The fluoropolymer thing is the product that production technique is the most complicated, technology content is the highest in the organic fluorine industry, existing hundreds of kinds on the market, and the whole world year industrial scale surpasses 100,000 tons, and its purposes spreads all trades and professions.Fluorochemical monomer develops so far as the raw material of fluoropolymer, has synthesized hundreds of compound, and wherein most important have tetrafluoroethylene (TFE), R 1216 (HFP), trifluorochloroethylene, vinylidene, vinyl fluoride etc. ten to plant fluorine-containing monoolefines.

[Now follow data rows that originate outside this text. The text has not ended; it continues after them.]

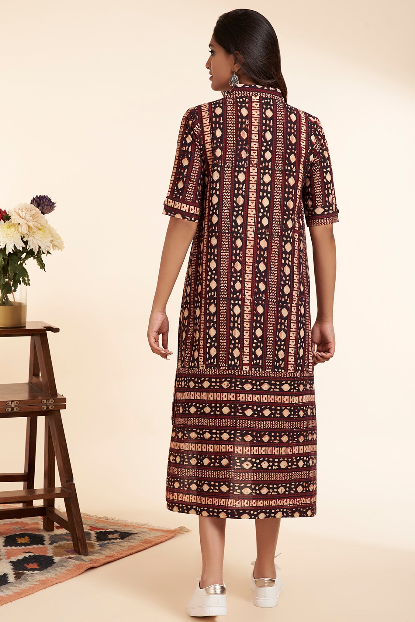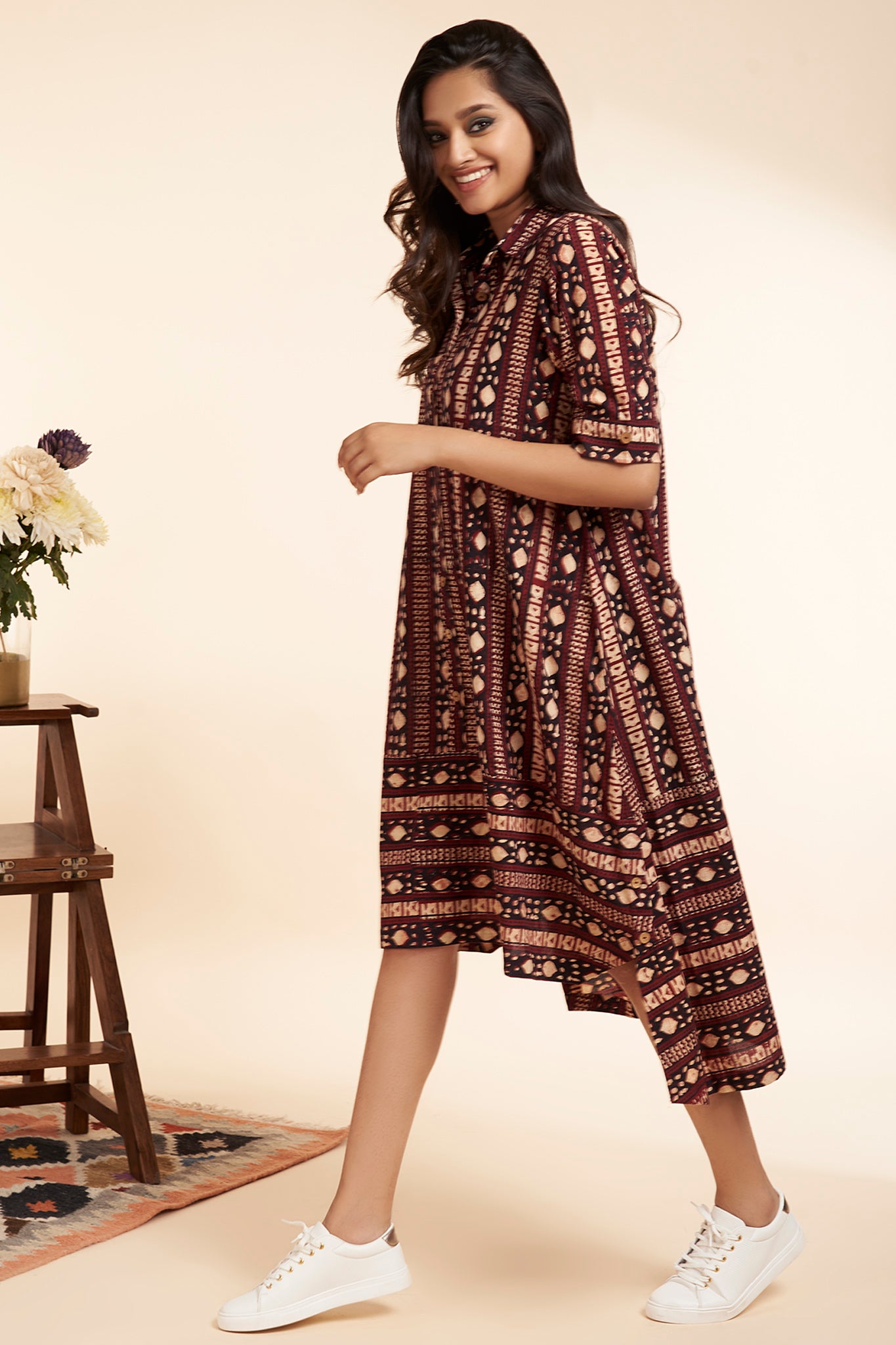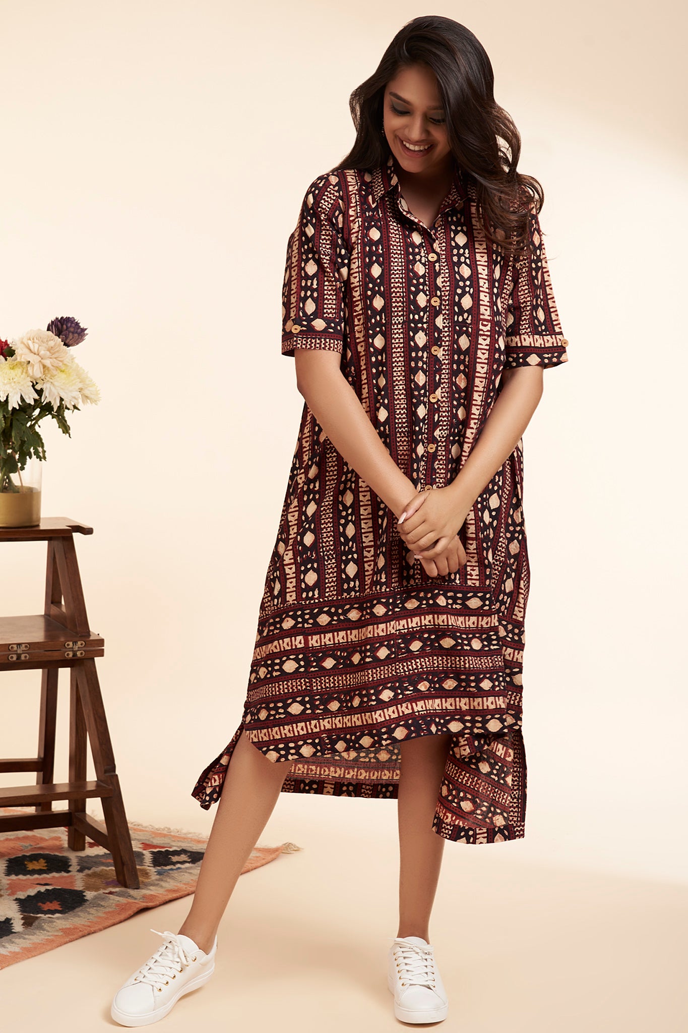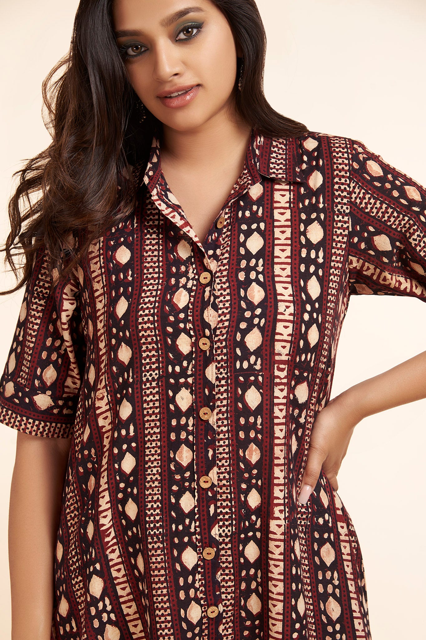 Handcrafted in soft hand black printed cotton, the silhouette is very functional & stylish! The monotones of black & red blend seamlessly overall and create an abstract pattern inspired by celestial sky. The dress is finished with delicate handmade buttons in front all over & on sides lending a perfected finish to the outfit. The asymmetrical hemline adds an edgy touch to the outfit. Style it with denim or wear it as a dress with brogues!Cotton is sourced and block printed in barmer, rajasthan and is hand-stitched at our atelier in Mumbai by our karigars & hand-finished by our in-house women artisans.The dress tunic is a wardrobe essential and we guarantee you will keep coming back to this versatile silhouette for all occasions.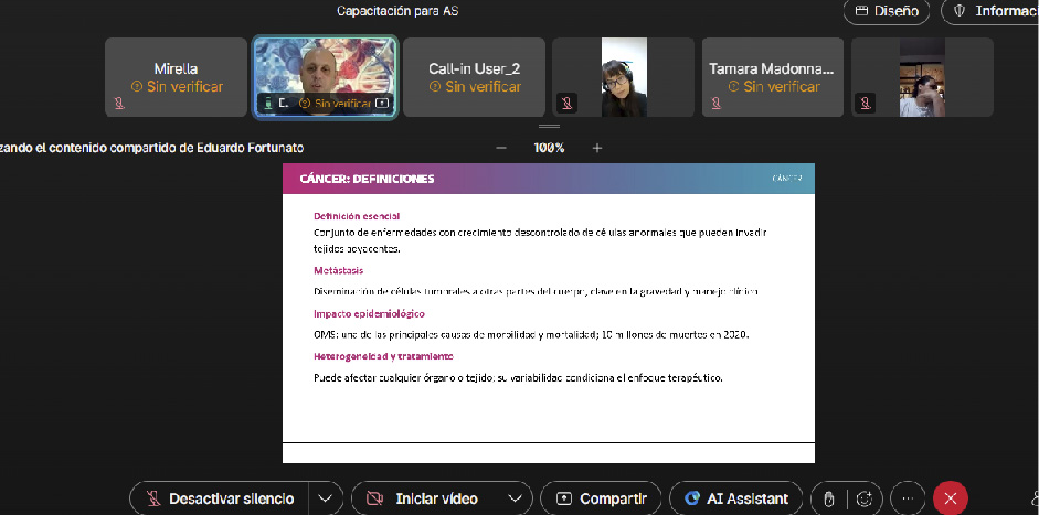 Durante la capacitación se trabajaron nociones generales sobre la enfermedad, sus principales características y su impacto en la salud, así como las diferencias entre células normales y cancerosas. También se abordó cómo se origina en el organismo, los factores que influyen en su desarrollo y la importancia de la detección precoz. Se puso el foco en las medidas promo-preventivas, abordando factores como el consumo de tabaco y alcohol, la alimentación inadecuada, la obesidad, ciertas infecciones y la exposición ambiental u ocupacional.
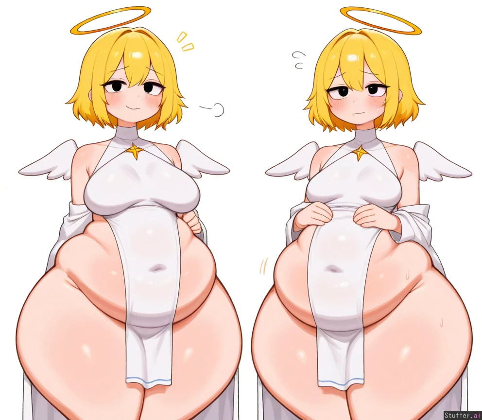 (((Solo male))) ((blimp)) ((fat belly)) ((fat butt)) ((chubby)) ((obese)) ((weight gain)) blob, slob absurdres, 8k, perfect anatomy, masterpiece, beautiful face, beautiful eyes, RockSolidArt. /(artist/), RockSolidArt(artist/) ,8), cute, petite femboy, (male), ((solo male)) solo, angel, halo, wings, (angel), short hair, spiky blonde hair, embarrassed, blush, smug, looking at viewer, stretched_clothing, white robes, (merunyaa, (usa37107692:1.2), (ohasi_art), betterwithsalt), (huge ass), ((((fat thighs)))), (thigh overflow), ((((wide hips)))), ((bloated)) ((male)) ((flat)) ((small boobs))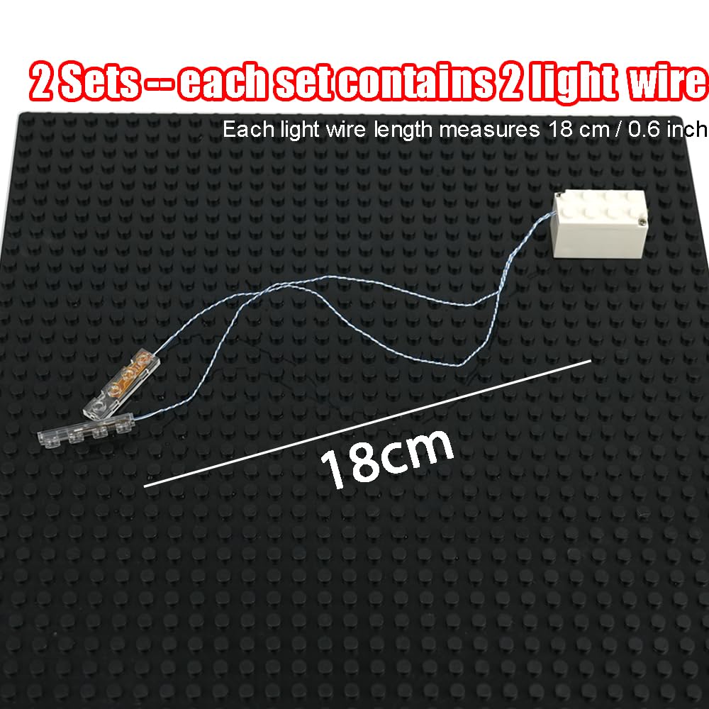 Contain 2 sets. Each set includes 2 pieces of 1*4 light bricks (with 2 LEDs)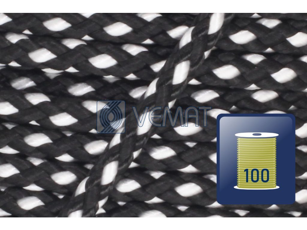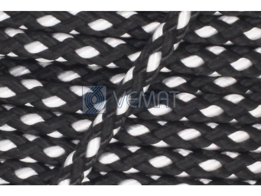 Splétaná osmipramenná šňůra o průměru 6 mm. Protože je vyrobená z polypropylenu, který má hustotu nižší než voda, plave na vodě.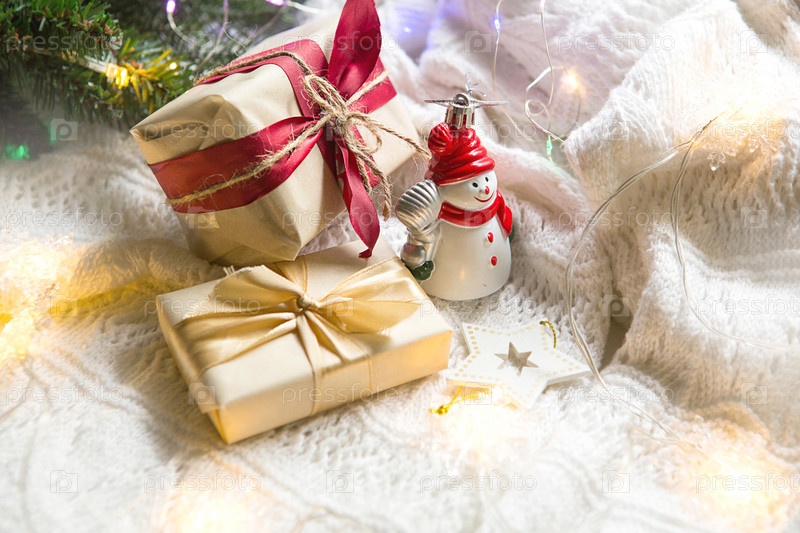 Коробки с рождественскими подарками и украшениями Снеговик на белом вязаном одеяле в огнях гирлянд и еловых ветвей. Новый год, праздничная атмосфера. Место для текста
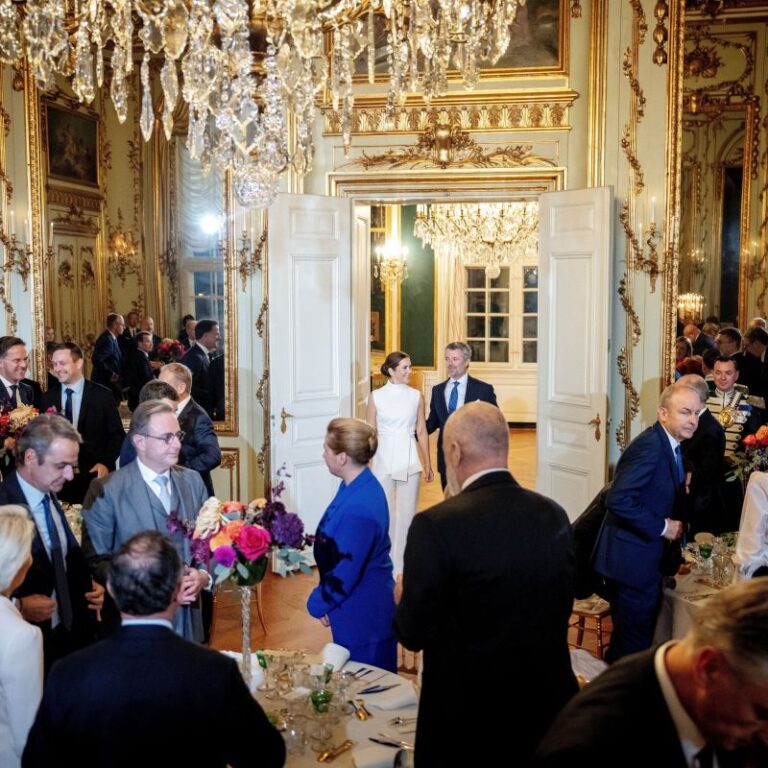 Ένα εντυπωσιακό δείπνο παρέθεσαν ο βασιλιάς Φρειδερίκος και η βασίλισσα Μαίρη της Δανίας, στο παλάτι Αμαλιένμποργκ της Κοπεγχάγης, προς τιμήν 50 ηγετών κρατών και κυβερνήσεων της ΕΕ και της Ευρωπαϊκής Πολιτικής Κοινότητας.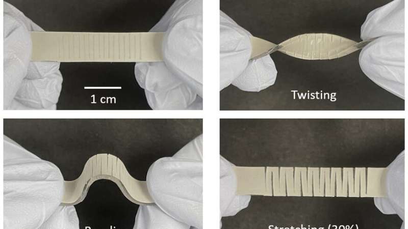 新傳感器由嵌入彈性聚合物中的銀納米線(xiàn)網(wǎng)絡(luò)組成。聚合物具有均勻深度的平行切割圖案,從材料的任一側(cè)交替:從左側(cè)切割一個(gè),然后從右側(cè)切割一個(gè),然后從左側(cè)切割一個(gè),依此類(lèi)推。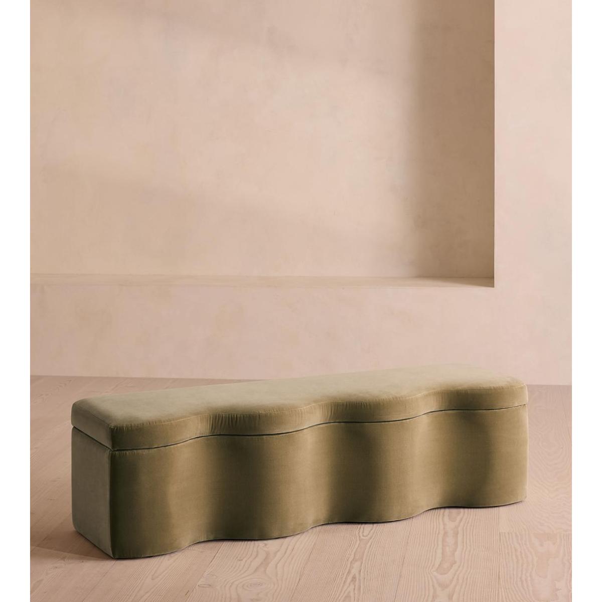 I love the Eli storage bench in lichen velvet for its sculptural yet practical design. Its unique shape and rich velvet finish make it a statement piece that can elevate a hallway, bedroom, or living room. It works particularly well in contemporary or minimalist interiors, adding texture and a touch of luxury without compromising functionality. For styling, consider placing it at the foot of a bed or in front of a sofa to create an inviting spot for putting on shoes or plopping down with a book. It also offers handy storage, making it both beautiful and useful in everyday living spaces.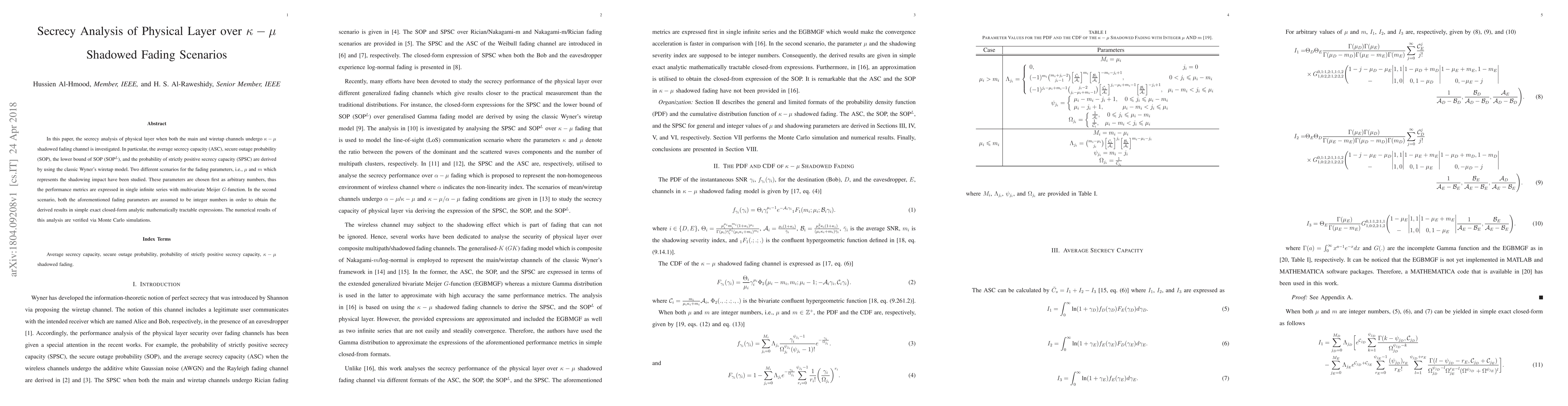 This paper investigates the secrecy analysis of physical layer communication under $\kappa-\mu$ shadowed fading, deriving average secrecy capacity, secure outage probability, and related metrics using Wyner's wiretap model. Analytical expressions for performance metrics are derived in both arbitrary and integer scenarios, validated by Monte Carlo simulations.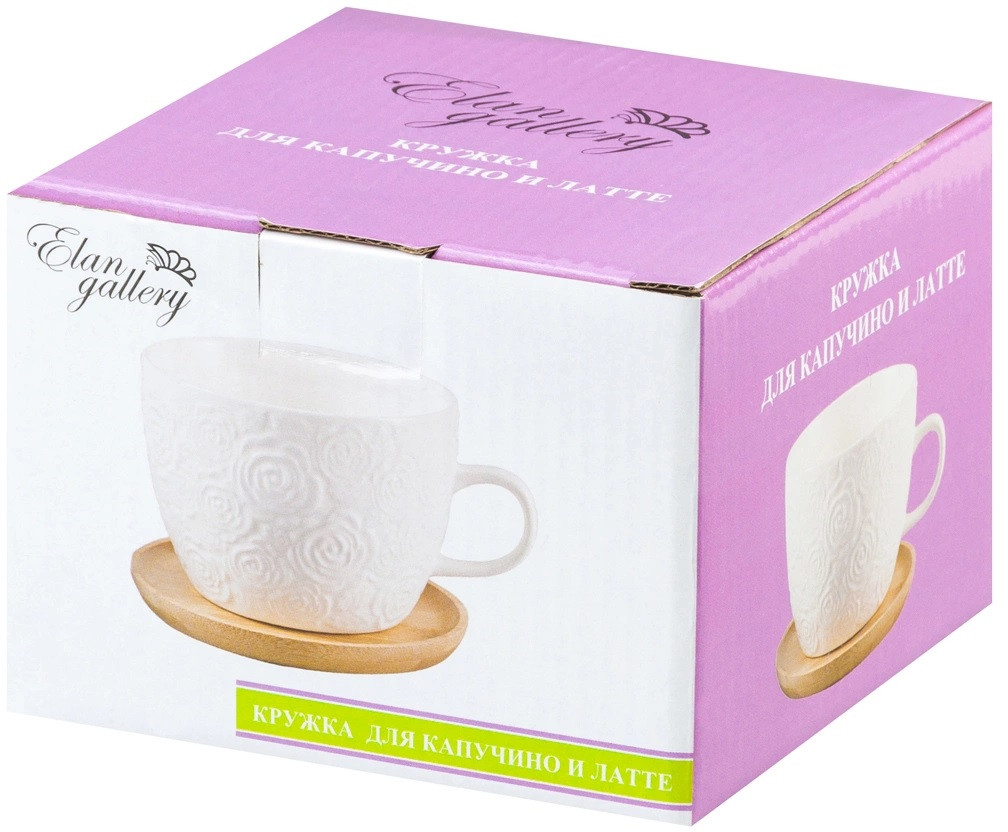 Elan Gallery Кружка для капучино и кофе латте «Розы»В данный момент этот товар отсутствует в продаже. Возможно, у нас найдется аналогичный или похожий товар здесь. Серия: Белые розы Чашка для капучино и латте из серии «Розы» объемом 500 мл с деревянной крышкой — подставкой выполнена из высококачественного фарфора и натурального бамбука. Теплое цветовое решение, изящный рельефный рисунок на фарфоре и удобство использования делают эту чашку желанным подарком любой хозяйке. У чашки большой объем, что позволит приготовить нужное количество напитка. В серии фарфоровой посуды с использованием бамбука представлен широкий ассортимент товаров для сервировки стола, которые, несомненно, впишутся в любой интерьер благодаря лаконичному дизайну, натуральным материалам и высокой функциональности. Такому подарку будет рада любая хозяйка! |

Tetrafluoroethylene is present turnout maximum, most important fluorochemical monomer, and it is the raw material of tetrafluoroethylene, is the comonomer of many fluorinated copolymers, also is the intermediate of multiple fluorochemicals.The tetrafluoroethylene production level has been represented the level of a national organic fluorine industrial development.
Among the product that tetrafluoroethylene sees Ruff in 1933 etc. the earliest when tetrafluoro-methane is carried out thermolysis in carbon arc. but realize that really industrial production is after finding tetrafluoroethylene, equal to propose difluorochloromethane in 1945 by J.D.Park and prepare by pyrolysis.The production of tetrafluoroethylene large-scale development starts from nineteen forty-six, and first industrialized unit of Parker's Regensburg of w.va. was gone into operation in nineteen fifty.Because this path of preparing tetrafluoroethylene route raw material is easy to get, method is simple, technology reaches its maturity, is convenient to industrial production, so this method is widely adopted.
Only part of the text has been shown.